Dataset items:
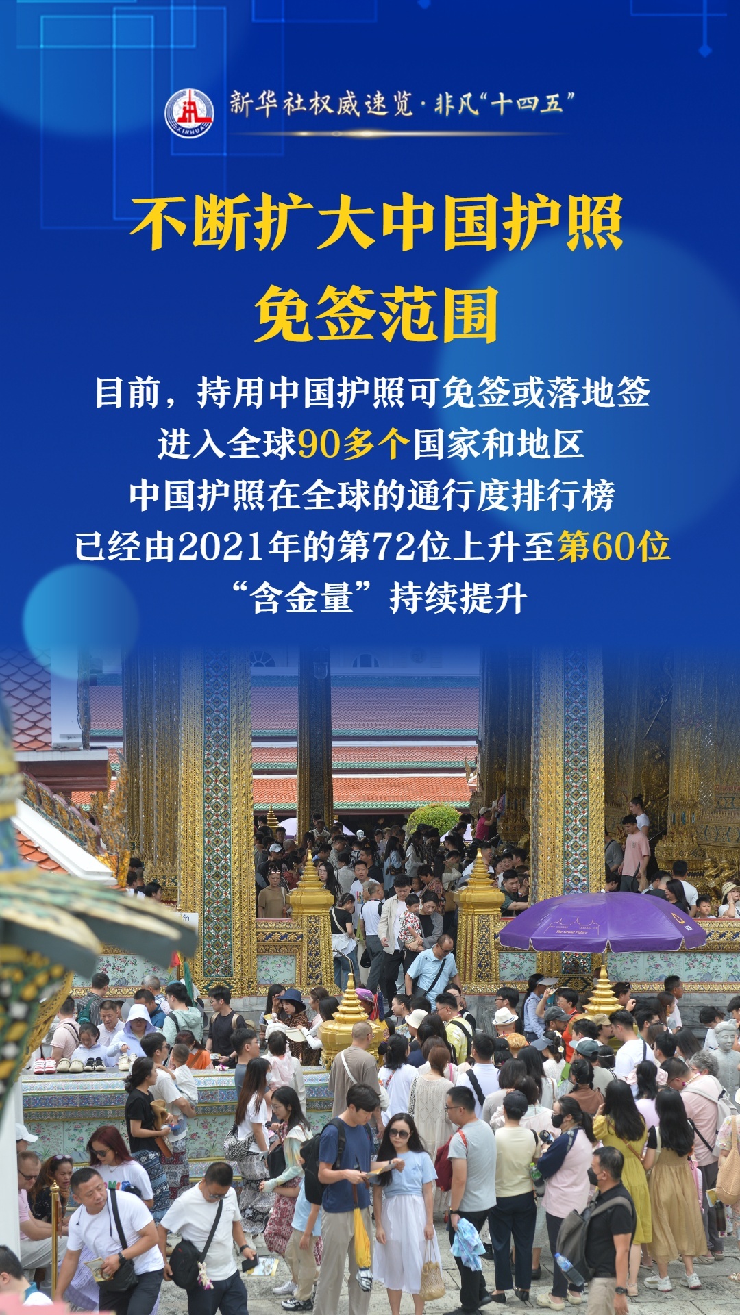 ?“全程網(wǎng)辦”實(shí)現(xiàn)了辦理出入境證件“一次都不跑”,中國公民“走出去”更加便利;中國護(hù)照在全球的通行度排行榜由2021年的第72位上升至第60位,中國護(hù)照“含金量”持續(xù)提升。30日舉行的“高質(zhì)量完成‘十四五’規(guī)劃”新聞發(fā)布會(huì)上,國家移民局介紹了在服務(wù)中國公民“走出去”方面取得的成就。通過這組海報(bào),一起來看看。
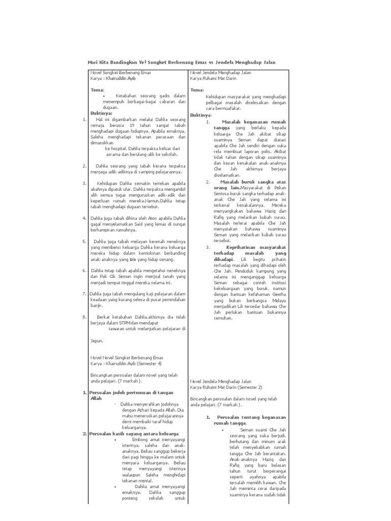 Https Xdocs Tips Doc Nota Padat Jmj Dan Sbe Jn67zrlxm1or from Novel ni agak menarik sebab adanya sedikit elemen cinta. Sinopsis, tema, persoalan, nilai & pengajaran novel tingkatan 5. Download mp3 novel songket berbenang emas dan video mp4 gratis. Nota bergambar kajian unsur sastera dalam novel termasuk sinopsis, tema, persoalan, watak dan perwatakan, latar (masa, tempat, masyarakat), nilai dan. Novel ini mengisahkan kehidupan dahlia, seorang murid yang cerdik dan disenangi oleh teman temannya. Read 6 reviews from the world's largest community for readers. Menurut orang palembang,perkataan songket berasal daripada perkataan songko yang bermaksud penggunaanbenang emas untuk menghias songkok. Please fill this form, we will try to respond as soon as possible.
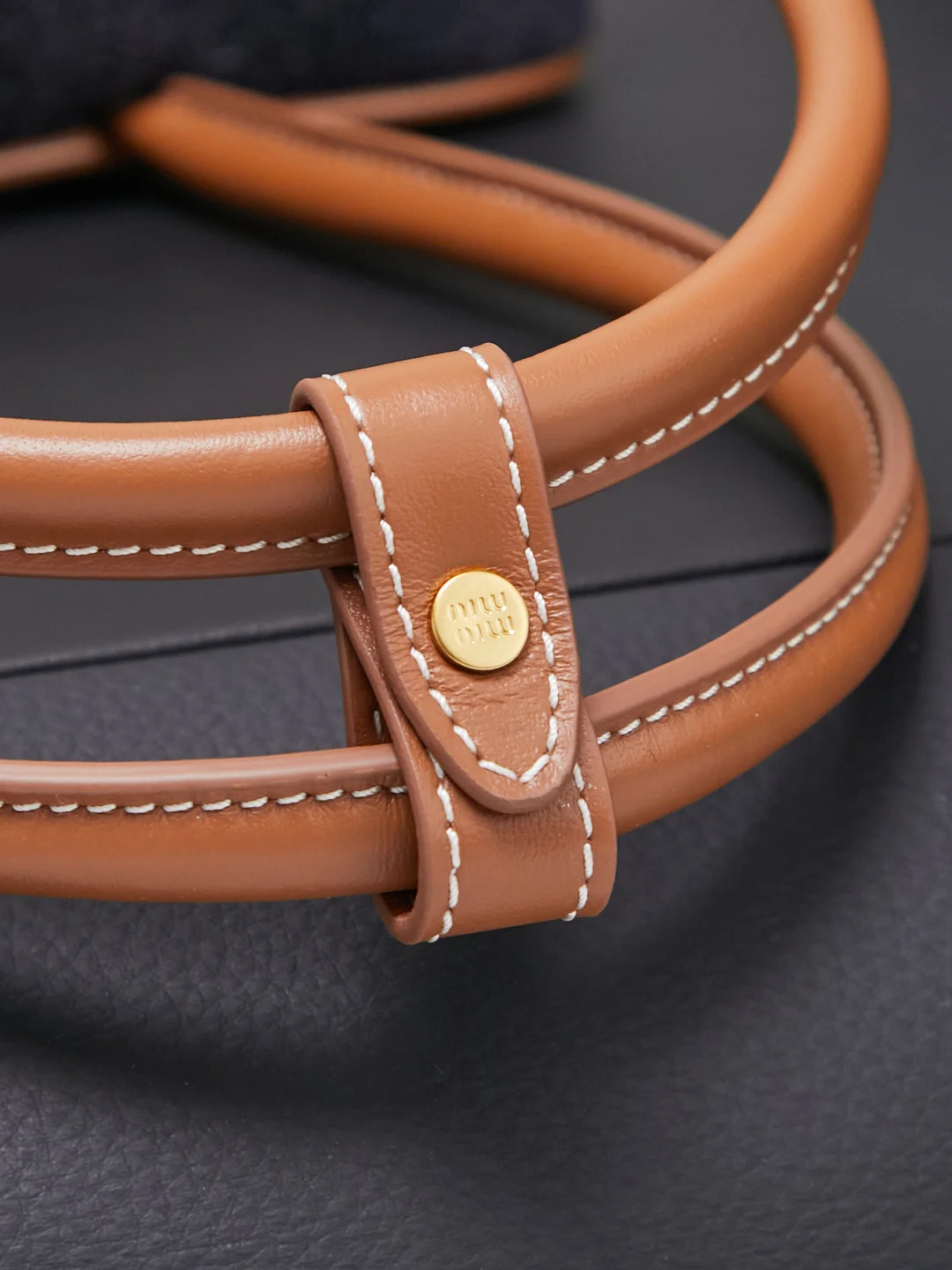 5BB173 牛仔蓝配棕色皮 Miu新品保龄球 最新双色搭配设计 采用超柔软小牛皮材质 大胆创新的设计完美诠释了Miu不拘一格 潇洒随意包容的人生态度 这款包包很酷 定格精致的多功能设计 融合男装和女装素 随性慵懒 自然洒脱 充满个性 全新的帆布衬里 火遍全网不是没道理的 各大时尚搏主明星都爱背它 尺寸 28X12X9cm
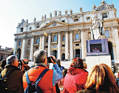 圣彼得廣場的朝圣者上周日聆聽教皇祝福。(路透)
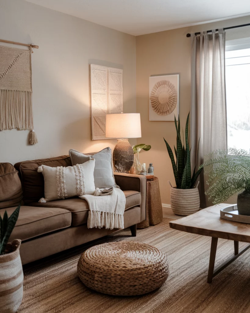 22. Warm Neutrals Around a Brown Couch
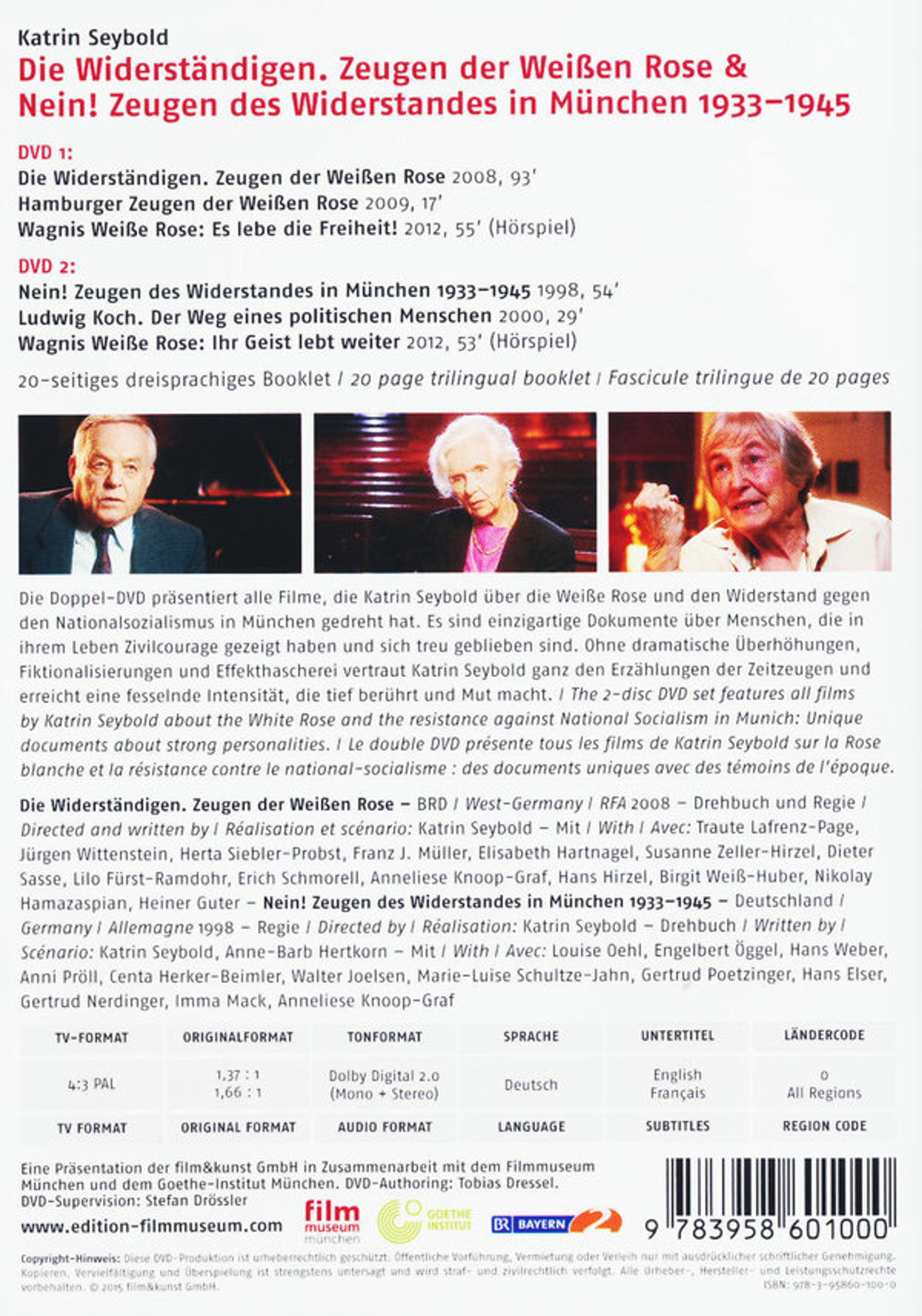 - 20-seitiges, dreisprachiges Booklet; Sämtliche weitere Filme von Katrin Seybold über die Weiße Rose und den Widerstand in München

WHAT IS EXPECTED: Output exactly and only the lines from the line containing "22. Warm Neutrals Around a Brown Couch" to the end of the entries, both included, and omit every picture.

RESULT OF THIS TASK:
 22. Warm Neutrals Around a Brown Couch
 - 20-seitiges, dreisprachiges Booklet; Sämtliche weitere Filme von Katrin Seybold über die Weiße Rose und den Widerstand in München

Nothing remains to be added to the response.